While a number of sources cite the 1938 movie Algiers as the origin of Pepé Le Pew's favorite come-on, the line was featured in the trailer but was never actually said in the film itself. Le Pew himself was a spoof of Algiers' protagonist, Pepé le Moko, a French jewel thief portrayed by Charles Boyer.
The amorous French skunk relentlessly pursued Penelope, an uninterested and frequently terrified girl cat, through over a dozen basically identical cartoons. As great as Chuck Jones was, if you've seen one Pepé Le Pew cartoon, you've basically seen them all. In the clip below we see Pepé hit Penelope with a variation on his usual pickup line: "You do not have to come with me to the Casbah... We are already here!" That's about as close as Jones' Lew Pew cartoons came to shaking up the formula.
Pepé's schtick apparently seemed harmless and charming to audiences of the time, but these days it comes across as weird and creepy and sometimes even kind of... well, rapey. ("I pierce you with the ack-ack of love, flowerpot.") Non means non, Pepé!
This 2009 AT&T cartoon depicts Penelope being madly in love with Pepé.
Stockholm Syndrome, no doubt.
6. "Well, now, I wouldn't say that..."
Some Looney Tunes catchphrases don't sound that familiar out of context. In order to recognize them, you really need to hear them spoken in the original goofy cartoon voice. Case in point: "Well, now, I wouldn't say that."
In the following clip from the cartoon "Draftee Daffy," it's said by a little creep from the draft board who has spent a whole cartoon harassing Daffy Duck.

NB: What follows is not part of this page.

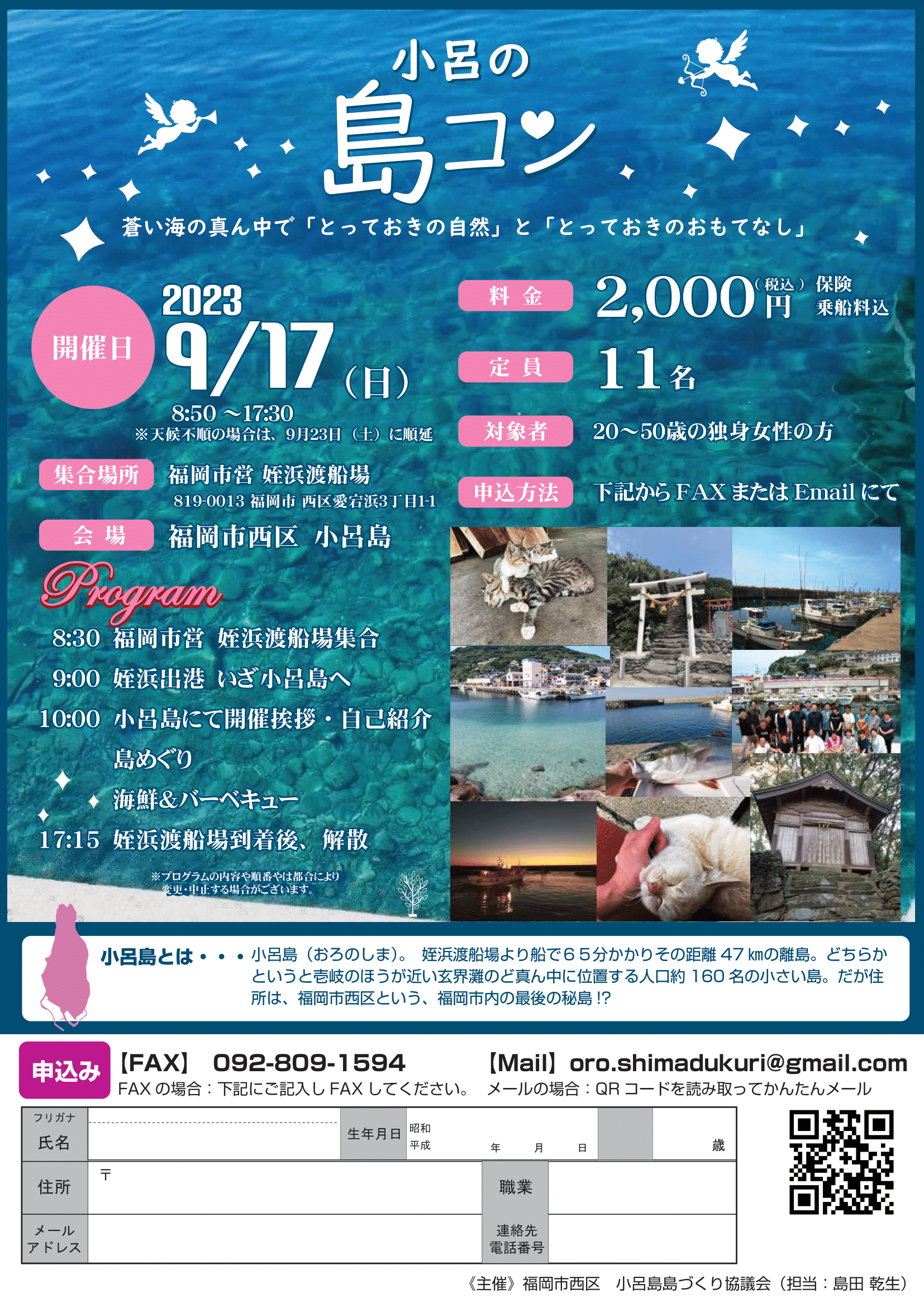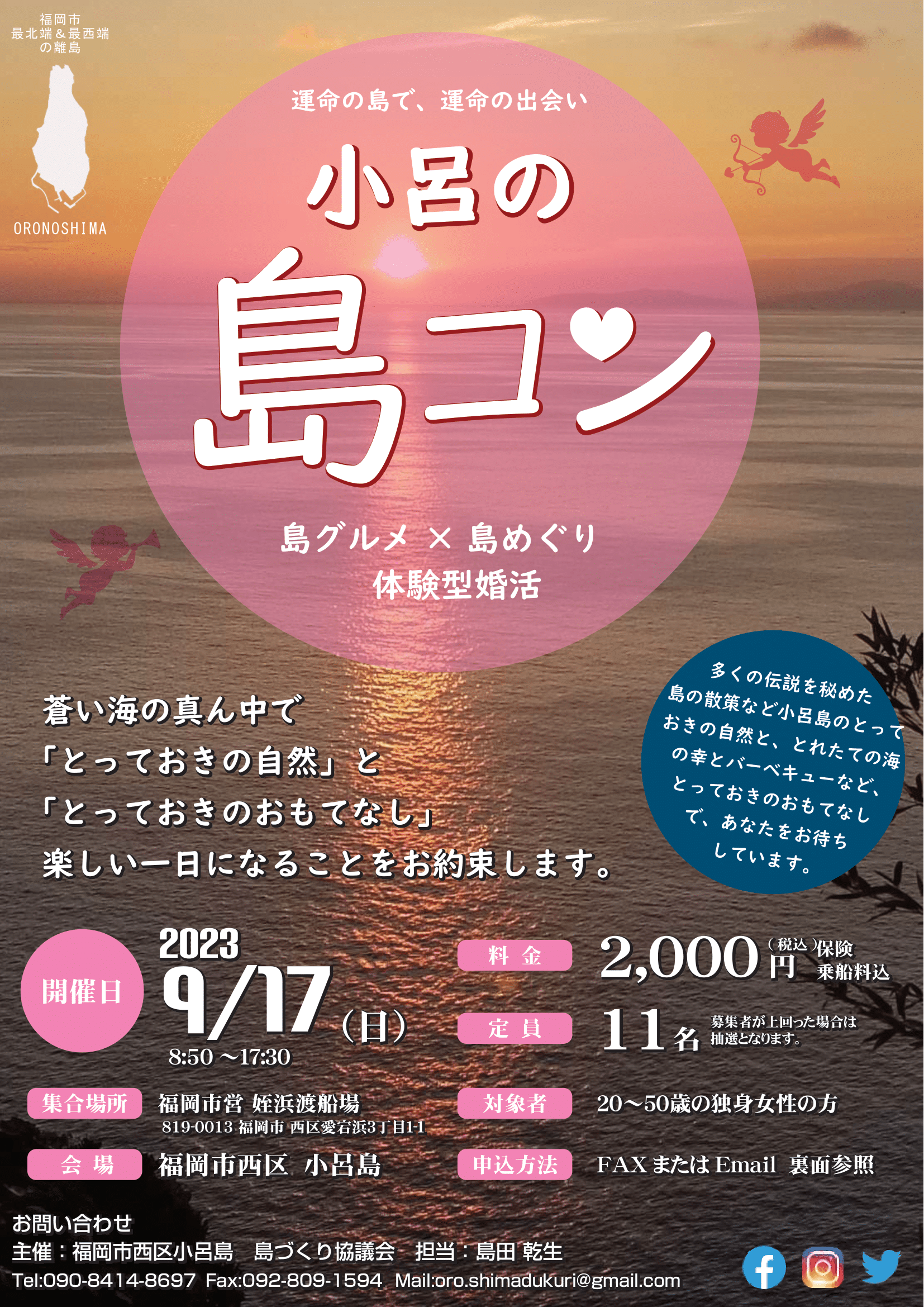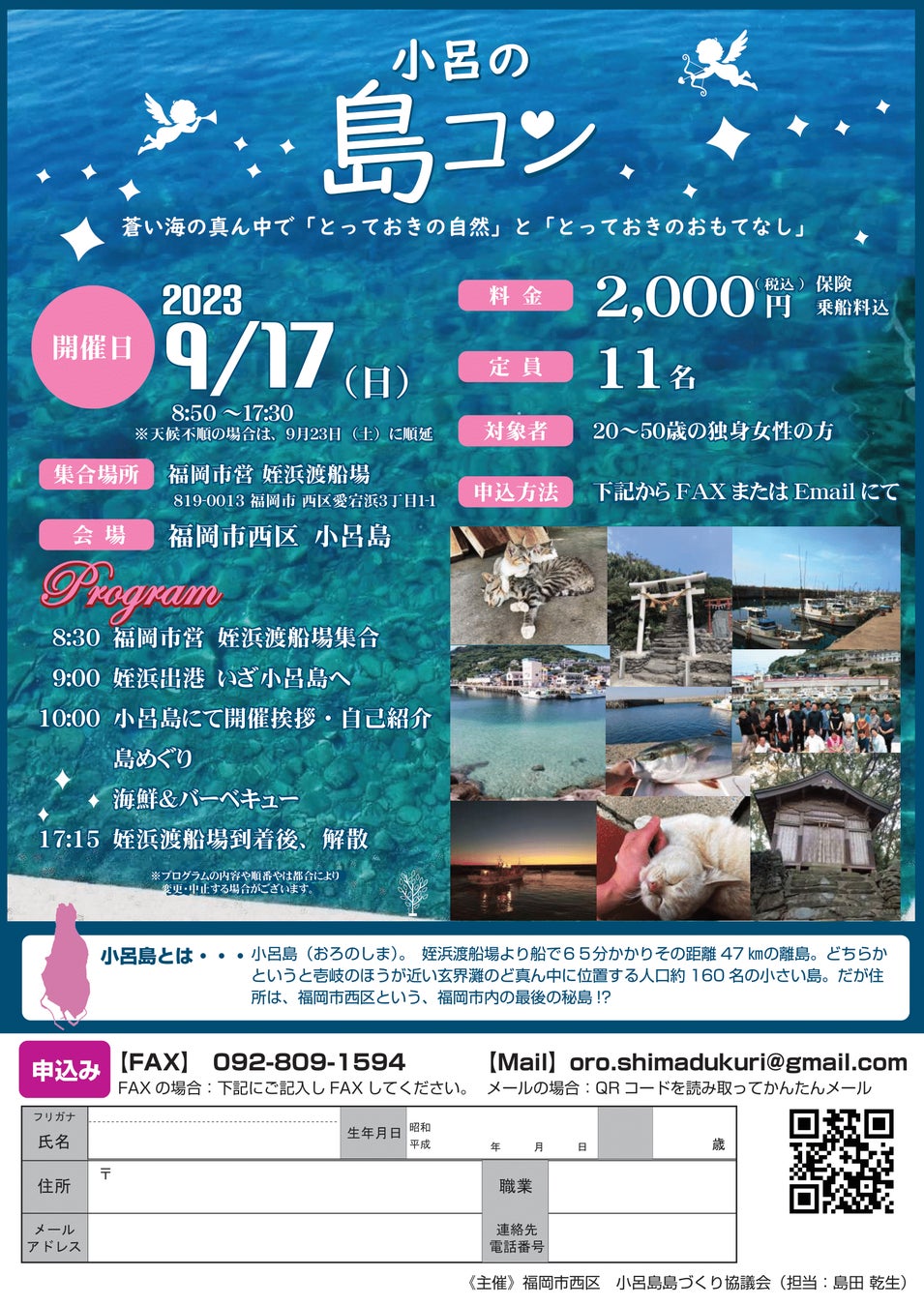2023年9月17日(日)に福岡市最北端&最西端の離島小呂島にて、地域活性化を目的とした島コンを西区小呂島主催で開催。当日は11名の方が小呂島を訪れる予定
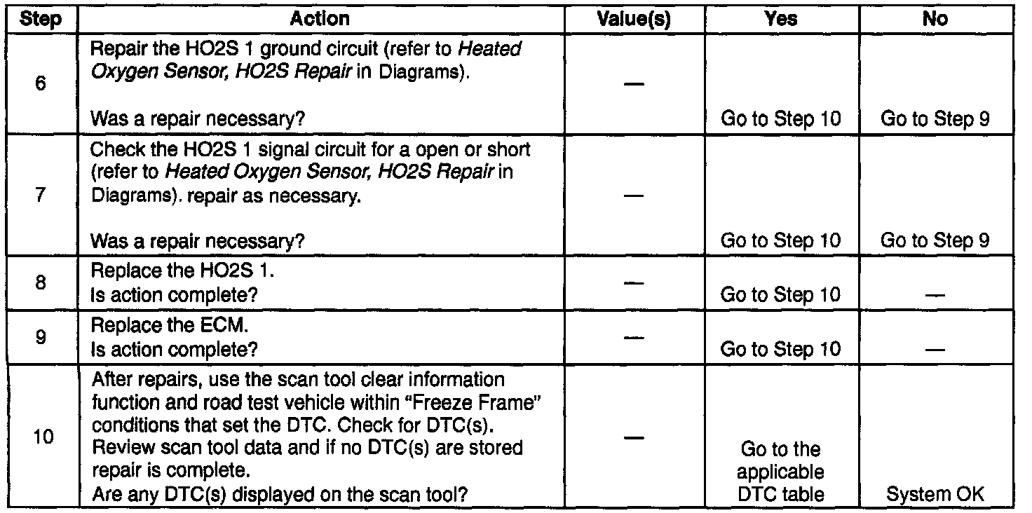 7. Checks the HO2S 1 signal circuit for a poor connection or an open, check for a short also.

Now you recognize it, right?
"Well now, I wouldn't say that" was the catchphrase of Richard Q. Peavey, a nebbishy druggist portrayed by Richard LeGrand on the long-running radio comedy, The Great Gildersleeve. The series is all but forgotten now but it was enormously popular back in the day, so much so that it spawned a TV series and four feature films. Peavey blazed the trail for a thousand wacky sitcom neighbors to follow, by dutifully showing up once an episode to say his inexplicably popular catchphrase with little justification, and then getting the heck out of there.

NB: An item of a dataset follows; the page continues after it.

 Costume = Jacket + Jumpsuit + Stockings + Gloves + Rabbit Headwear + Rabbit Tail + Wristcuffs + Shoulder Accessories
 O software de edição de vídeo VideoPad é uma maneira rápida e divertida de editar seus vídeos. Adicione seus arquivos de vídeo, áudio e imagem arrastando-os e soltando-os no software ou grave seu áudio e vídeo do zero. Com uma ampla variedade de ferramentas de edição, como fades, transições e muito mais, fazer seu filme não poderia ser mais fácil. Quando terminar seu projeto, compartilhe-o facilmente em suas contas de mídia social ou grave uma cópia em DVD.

You might say that "Well now, I wouldn't say that" was the "Giggity-giggity" of its day.
7. "He don't know me vewy well, do he?"
Red Skelton is a good example of how somebody can be a huge star in his lifetime, and yet be nearly forgotten within a generation or two.

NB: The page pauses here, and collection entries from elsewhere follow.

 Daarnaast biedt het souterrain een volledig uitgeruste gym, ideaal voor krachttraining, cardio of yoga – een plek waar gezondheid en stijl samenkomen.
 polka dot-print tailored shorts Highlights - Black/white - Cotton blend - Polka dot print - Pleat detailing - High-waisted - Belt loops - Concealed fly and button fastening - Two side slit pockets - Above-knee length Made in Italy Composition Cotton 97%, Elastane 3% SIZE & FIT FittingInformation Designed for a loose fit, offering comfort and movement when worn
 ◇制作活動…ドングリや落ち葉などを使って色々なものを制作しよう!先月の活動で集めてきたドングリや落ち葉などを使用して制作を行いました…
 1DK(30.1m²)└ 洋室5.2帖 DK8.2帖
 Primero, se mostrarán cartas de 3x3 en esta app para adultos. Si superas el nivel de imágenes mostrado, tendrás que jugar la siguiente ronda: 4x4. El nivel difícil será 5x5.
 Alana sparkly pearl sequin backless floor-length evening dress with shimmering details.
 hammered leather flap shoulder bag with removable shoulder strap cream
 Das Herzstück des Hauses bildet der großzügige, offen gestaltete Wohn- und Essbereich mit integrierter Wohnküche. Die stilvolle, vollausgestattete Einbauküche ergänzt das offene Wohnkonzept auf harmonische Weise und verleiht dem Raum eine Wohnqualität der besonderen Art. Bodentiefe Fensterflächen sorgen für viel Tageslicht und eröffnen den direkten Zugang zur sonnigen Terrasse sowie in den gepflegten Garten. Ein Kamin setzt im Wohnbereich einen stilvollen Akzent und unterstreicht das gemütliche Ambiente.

Skelton was a popular radio and TV comedian for decades, but time has not been kind to his broad, corny comedy, full of vaudevillian gags, hobo clowns and characters with names like Clem Kadiddlehopper and Freddie the Freeloader. If modern audiences recognize Skelton at all, it's probably as the voice of Father Time in the seasonal TV favorite Rudolph's Shiny New Year.
A few of Skelton's catchphrases will live on forever, thanks to Looney Tunes reruns. "He don't know me vewy well, do he?", "You bwoke my widdle arm!" and "I dood it!" were all taken from Junior, Skelton's "Mean Widdle Kid" character. But if Skelton's comedy has dated poorly in general, Junior's antics look particularly dire to modern eyes. (I'm afraid all those clips of portly middle-aged men wearing baby bonnets on The Jerry Springer Show have made us all see "adult babies" very differently than our grandparents did.)
Here's a clip of Junior in action.
Yikes. Hopefully Jim Carrey and Adam Sandler will learn from Skelton's example that comedians can only do these silly babytalk characters for so long before they start to read less as impish man-children and more like sad grandpas who've wandered away from the rest home again.
8. "TURN OUT THAT LIGHT!"
You hear this one a lot in WB cartoons from the 1940s, always shouted in the angriest, most intimidating voice Mel Blanc could muster. It was a reference to the WWII air raid drills, when leaving your lights on at the wrong time could bring a furious air raid warden pounding on your door. While Japanese Zeros never bombed the continental US, Americans had good reason to worry that an attack could come at any time. So understandably, leaving your lights during an air raid drill on was seen as not merely unpatriotic, but also dickish.
In "Elmer's Pet Rabbit," the cartoon below, Bugs Bunny hollers the line at the very end.
1940s Warner Bros. cartoons were full of wartime references like that, including a whole lot of stuff about the scarcity and deliciousness of meat. For example, here's a hillbilly flea singing a little ditty called "Food Around the Corner" in the 1943 cartoon "An Itch in Time."
This was when meat was rationed, and "Meatless Tuesdays" were a real thing. So it's not unlikely that a lot of the audience watching this cartoon had more sympathy for the hungry flea than they did for the poor dog.
It kind of puts our current troubles in perspective, huh? Sure, maybe the economy is in the crapper and the government shutdown was annoying as hell, but at least we've got Fatburgers to eat and we don't have to worry about anybody dropping bombs on our heads while we're playing Angry Birds Star Wars II.